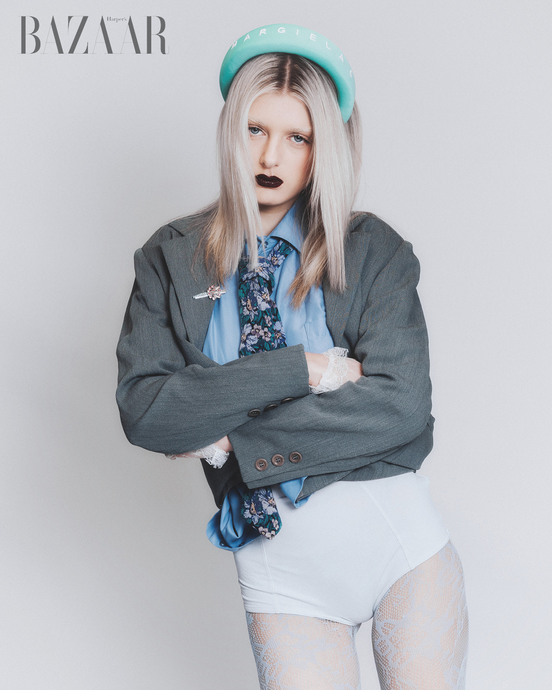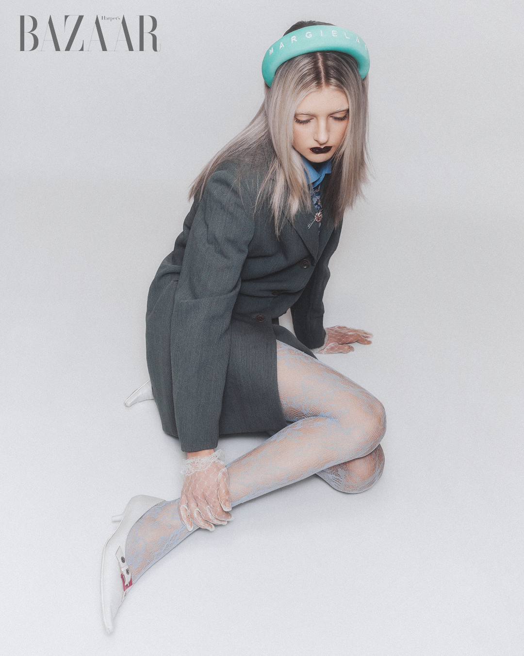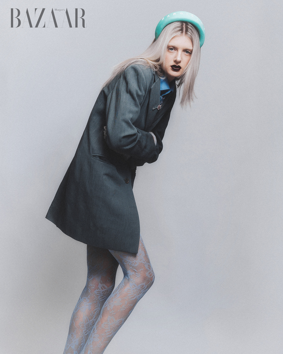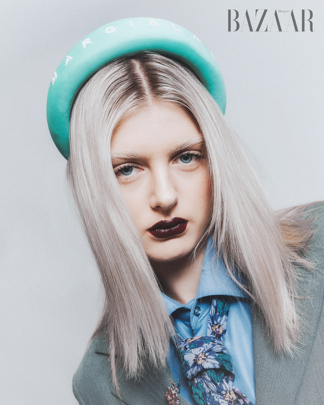 Băng đô tóc: Maison Margiela. Cài áo: Zara Child. Áo jacket: sản phẩm may đo của Ý.
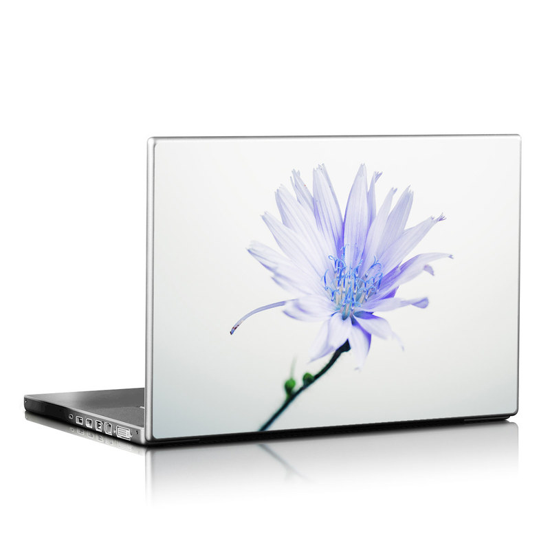 iStyles Universal Fit Laptop Skin design of Blue, Flower, Plant, Petal, Close-up, Macro photography, Flowering plant, Herbaceous plant, Wildflower, Photography, with gray, white, yellow colors, and tagged with flowers.
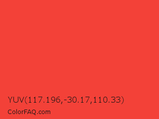 YUV 117.196,-30.17,110.33 Color is a normal red color and the nearest color is Red Orange #ff3f34. Hex code #f34138 and RGB value is rgb(243,65,56). In RGB color space, this color is composed of 95% red, 25% green, 22% blue, In CMYK color space, this color is composed of 0% cyan, 73% magenta, 77% yellow , 5% black , In HSL color space, this color has a hue angle of 3° , 89% saturation and 59% lightness.
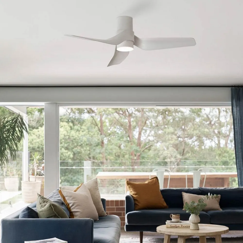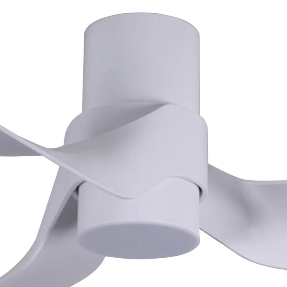 Trebladet loftsventilator Nautica med dæmpbart LED-lys Med sine tre store, brede vinger af ABS-plast skaber Nautica en fremragende luftfordeling og er velegnet til rum på op til 32 m². Der er seks justerbare hastigheder og en sommer/vinter-funktion. Inkl. fjernbetjening. Integreret dæmpbart LED-lys. Inkl. LED-lampe (GX53-sokkel) Funktioner En meget stille DC-motor sikrer, at Nautica-loftventilatoren cirkulerer luften næsten ubemærket. Seks hastigheder kan vælges med fjernbetjeningen, som også kan bruges til at skifte fra sommer- til vintertilstand. Nautica er udstyret med et lys, der er udstyret med en LED-lampe med en GX53-sokkel. Lysstyrken kan dæmpes i tre trin, så den passer til personlige behov. Lyskilden er inkluderet. Tekniske data – Økonomisk DC-motor installeret – Wattforbrug: maks. 30 W/min. 2 W – 6 hastigheder: 165/143/120/95/72/48 rpm – Cirkuleret luftmængde: 212 m³ – Standby-effekt: 0,5 W – Minimum installationshøjde: 2,3 m
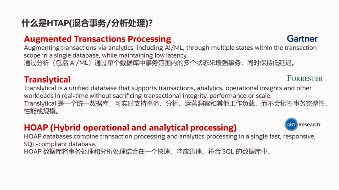 之后,HTAP又出现了许多其他的提法,例如在最近的报告中,Gartner 开始将 HTAP 称为“增强交易”。另一家分析公司 Forrester Research 将同一概念称为“Translytical”,而 451 Group 则将其称为“混合操作和分析处理”或 HOAP。
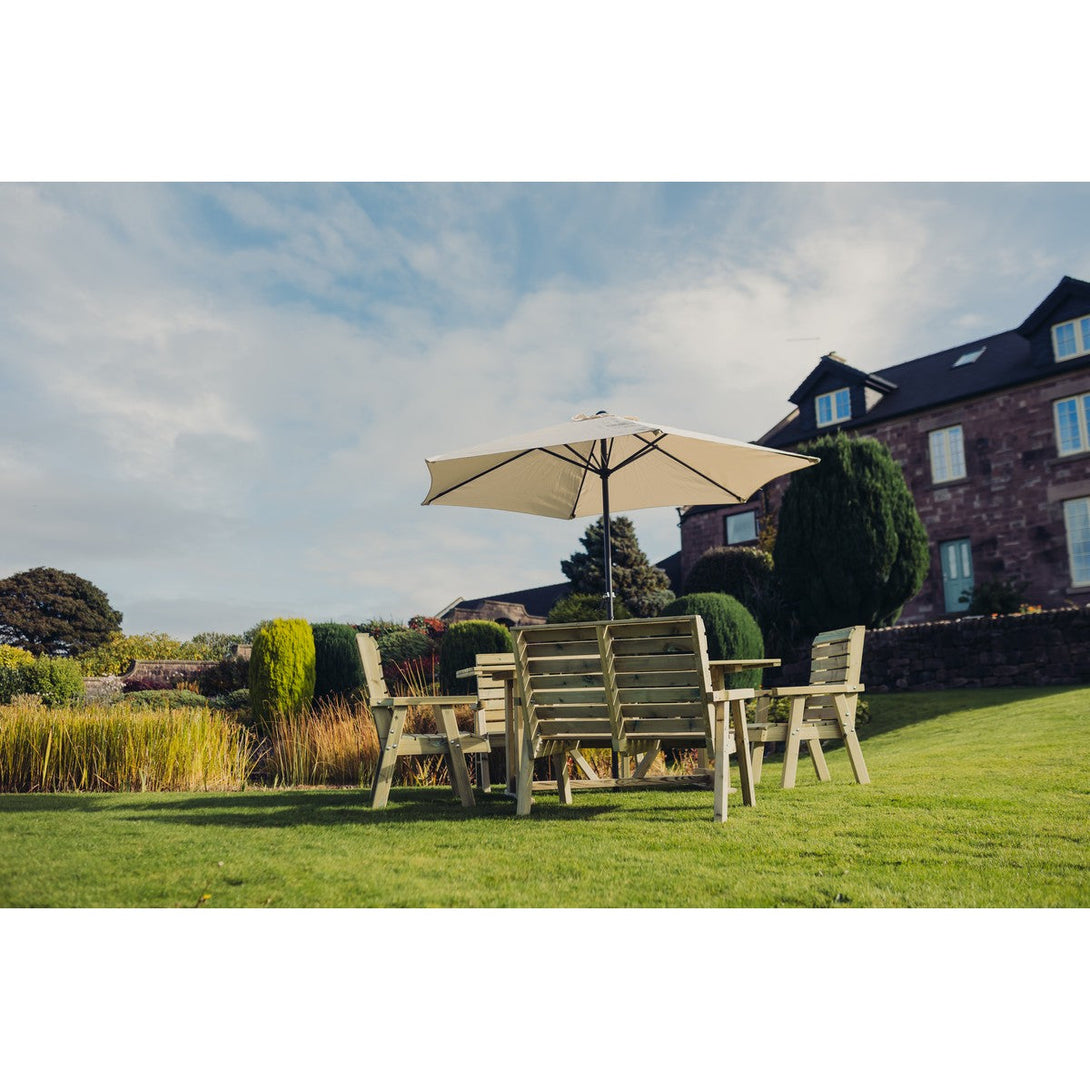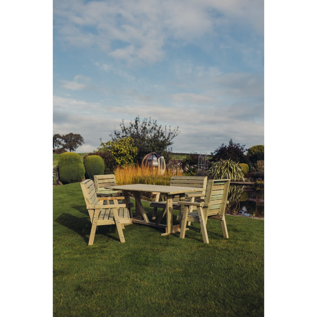 The Clover Table Set will transform your garden into a stylish space for entertaining friends and family, with its durable design and natural finish. Designed with both comfort and longevity in mind, the set has been handmade in the UK and includes a spacious table, two matching chairs, and two sturdy two-seater benches. This set is perfect for those who value quality and functionality, whilst also adding a touch of natural charm to their garden. Made from premium, pressure treated FSCĀ® certified timber to resist rot for up to 20 years with proper care.
----------
Task goal >>
Leaving out each picture, repeat exactly the lines above from the one that contains "YUV 117.196,-30.17,110.33 Color" through the one that contains "之后,HTAP又出现了许多其他的提法,例如在最近的报告中,Gartner 开始将 HTAP".

Output below >>
 YUV 117.196,-30.17,110.33 Color is a normal red color and the nearest color is Red Orange #ff3f34. Hex code #f34138 and RGB value is rgb(243,65,56). In RGB color space, this color is composed of 95% red, 25% green, 22% blue, In CMYK color space, this color is composed of 0% cyan, 73% magenta, 77% yellow , 5% black , In HSL color space, this color has a hue angle of 3° , 89% saturation and 59% lightness.
 Trebladet loftsventilator Nautica med dæmpbart LED-lys Med sine tre store, brede vinger af ABS-plast skaber Nautica en fremragende luftfordeling og er velegnet til rum på op til 32 m². Der er seks justerbare hastigheder og en sommer/vinter-funktion. Inkl. fjernbetjening. Integreret dæmpbart LED-lys. Inkl. LED-lampe (GX53-sokkel) Funktioner En meget stille DC-motor sikrer, at Nautica-loftventilatoren cirkulerer luften næsten ubemærket. Seks hastigheder kan vælges med fjernbetjeningen, som også kan bruges til at skifte fra sommer- til vintertilstand. Nautica er udstyret med et lys, der er udstyret med en LED-lampe med en GX53-sokkel. Lysstyrken kan dæmpes i tre trin, så den passer til personlige behov. Lyskilden er inkluderet. Tekniske data – Økonomisk DC-motor installeret – Wattforbrug: maks. 30 W/min. 2 W – 6 hastigheder: 165/143/120/95/72/48 rpm – Cirkuleret luftmængde: 212 m³ – Standby-effekt: 0,5 W – Minimum installationshøjde: 2,3 m
 之后,HTAP又出现了许多其他的提法,例如在最近的报告中,Gartner 开始将 HTAP 称为“增强交易”。另一家分析公司 Forrester Research 将同一概念称为“Translytical”,而 451 Group 则将其称为“混合操作和分析处理”或 HOAP。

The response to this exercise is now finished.